Patel and others' messages may not signify a serious break between Musk and Trump appointees, said Republican strategist Susan Del Percio. But, she said, "all these agency heads have a bone to pick with Musk going over their head."
"What agency head or company head wouldn't be mad if someone came in and sent that kind of email out without consulting them?" Del Percio added.
DOGE struggles to prove results
Making good on campaign promises by Trump, Musk is making an unprecedented push to slash the size and spending of the federal government.
So far, though, Musk has struggled to provide evidence his measures are cutting the billions he promised. At one point, DOGE's website boasted its largest canceled federal contract worth $8 billion. In reality, it was worth $8 million.
And some workers initially laid off were days later reinstated, including veterinarians at the Department of Agriculture overseeing the national bird flu outbreak response.

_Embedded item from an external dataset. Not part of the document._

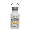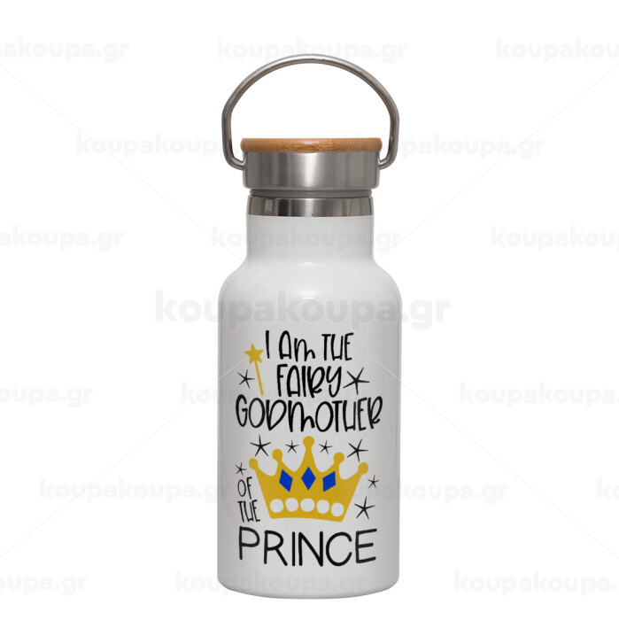 I am the fairy Godmother of the Prince, Metallic thermos (Stainless steel) White with wooden lid (bamboo), double-walled, 350ml

"It's one more crack," professor and director of George Washington University's School of Media and Public Affairs Peter Loge said of the resistance to Musk's email.
"This is a bit of a rattling roller coaster of chaos, and the thing about rattling roller coasters is they don't tend to last very long," he added.
Trump backs Musk's move
Musk's online ultimatum following the email was particularly "stupid," Del Percio said.
"I think he could've gotten away with, 'Explain what you did in the last week.' There I think he could've gotten away with it," she said. "But talking about firing employees, I mean it's just stupid."
The president on Monday praised Musk's email, telling reporters in the Oval Office, "There was a lot of genius in sending it."
And, he said, the follow-up emails were "done in a friendly manner," to protect confidential work at the State Department or the FBI, for example.
"They don't mean that in any way combatively with Elon," Trump said.
Labor groups look to block Musk
A group of unions that was already fighting mass layoffs of government workers asked a federal judge on Sunday to block the email demand for workers to submit job accomplishments by midnight Monday to avoid a forced resignation.
The unions updated their lawsuit Sunday to argue that government agencies hadn’t published changes in regulations that would have allowed a lack of response to an email from OPM to be considered a “resignation” of federal employment.
“This request, and the resulting confusion, is not just inappropriate – it is disruptive to essential government functions,” Everett Kelley, president of the American Federation of Government Employees, said in a letter to OPM acting Director Charles Ezell.
U.S. District Judge William Alsup in northern California scheduled a hearing Thursday at 1:30 p.m. PST to hear arguments about the request to block the email demand for a description of workers’ accomplishments.
The government hadn’t formally replied to the lawsuit by noon Monday.